# Metro Park Bow Hunts



## Smitty82 (Mar 13, 2011)

Just a reminder that if you don't have land to hunt or are new to hunting and want to learn, that most metro park bow hunts are starting to get dates out for applications and qualifications.


----------



## snag (Dec 27, 2005)

What I found out about the metro park archery hunts are usually county residents only. Might b a few open ones for non residents but not many.


Sent from my iPhone using Tapatalk


----------



## Smitty82 (Mar 13, 2011)

I believe that’s per metro park. There is nothing on the 5 rivers metro park controlled hunt that says you have to be a county resident, also it’s been my experience that every year there are left over spots that don’t get taken because there aren’t enough hunters so they have a second lottery for the left over spots.


----------



## snag (Dec 27, 2005)

Not sure of the county you sign up for, but I know the summit county drawings are resident only. And some of the parks don’t even do the hunts around here.

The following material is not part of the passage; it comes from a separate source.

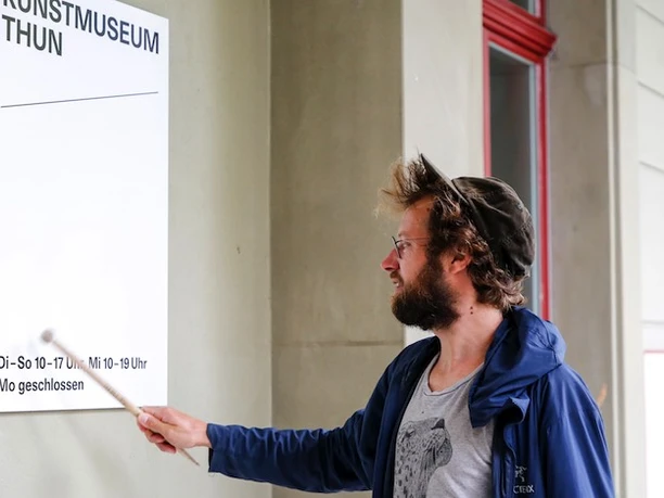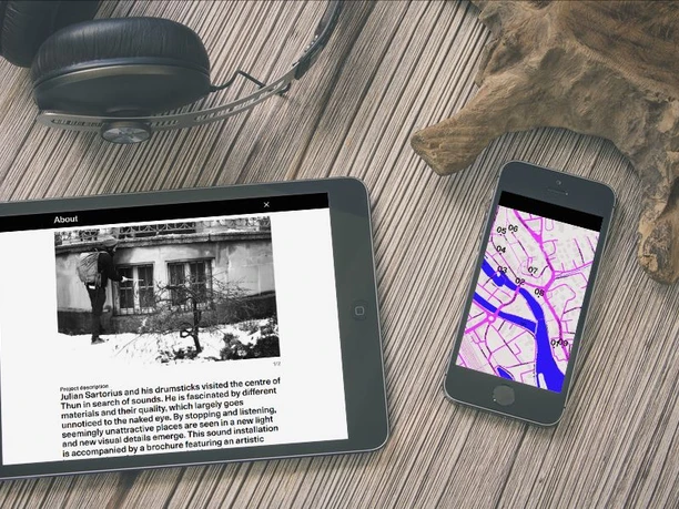 Für den mobilen Cityguide ThunThunThun hat der Perkussionist Julian Sartorius ein Line-Up aus seiner Heimatstadt generiert. Es ist ein Line-Up für einen Klangspaziergang der besonderen Art, denn sonst ist der bekannte Künstler weltweit auf Konzerten zu sehen, u.a. zusammen mit Künstlern wie Sophie Hunger, Matthew Herbert, Sylvie Courvoisier. Eine Stunde Zeit und offene Ohren, das brauchen Besucher auf der zugehörigen Webseite thunthunthun.ch. Du startest beim Kunstmuseum Thun, laufst dem GPS-Signalpunkt folgend die Stationen auf der mobilen Karte ab und wirst von neun Tracks begleitet. Diese schalten sich frei, sobald man am richtigen Fleck steht. Dann erklingen die Drumsticks von Julian Sartorius, welche Fensterrahmen, Brunnen, Gullys und Geländer getroffen haben, um eine Stadt aus Klängen zu erschaffen.

Sent from my iPhone using Tapatalk


----------



## snag (Dec 27, 2005)

The controlled deer hunt applications are now being taken till the end of July. On certain areas in the state.


Sent from my iPhone using Tapatalk


----------



## Smitty82 (Mar 13, 2011)

Its that time again, most metro parks and controlled hunts are starting to take registrations. I always like to remind people who don't have land to hunt that these are great opportunities to be able to have land to hunt.


----------



## CHOPIQ (Apr 6, 2004)

That would include me. Thanks for posting smitty


----------



## Smitty82 (Mar 13, 2011)

It’s that time of year again, most registrations are either already open or getting ready to. Great opportunity’s for those who need a place to hunt…


----------



## afeef745 (Feb 11, 2013)

Smitty82 said:


> It’s that time of year again, most registrations are either already open or getting ready to. Great opportunity’s for those who need a place to hunt…


Can you share how to apply for Metro Park Bow hunts?


----------



## Smitty82 (Mar 13, 2011)

Depends where you live, they all have their own process. I live in the Dayton area and the fiver rivers metro park has already been drawn. I would google your metro park and see what kind of controlled hunts they offer.


----------



## afeef745 (Feb 11, 2013)

Smitty82 said:


> Depends where you live, they all have their own process. I live in the Dayton area and the fiver rivers metro park has already been drawn. I would google your metro park and see what kind of controlled hunts they offer.


Thanks. Found info when I googled. Who would have guessed


----------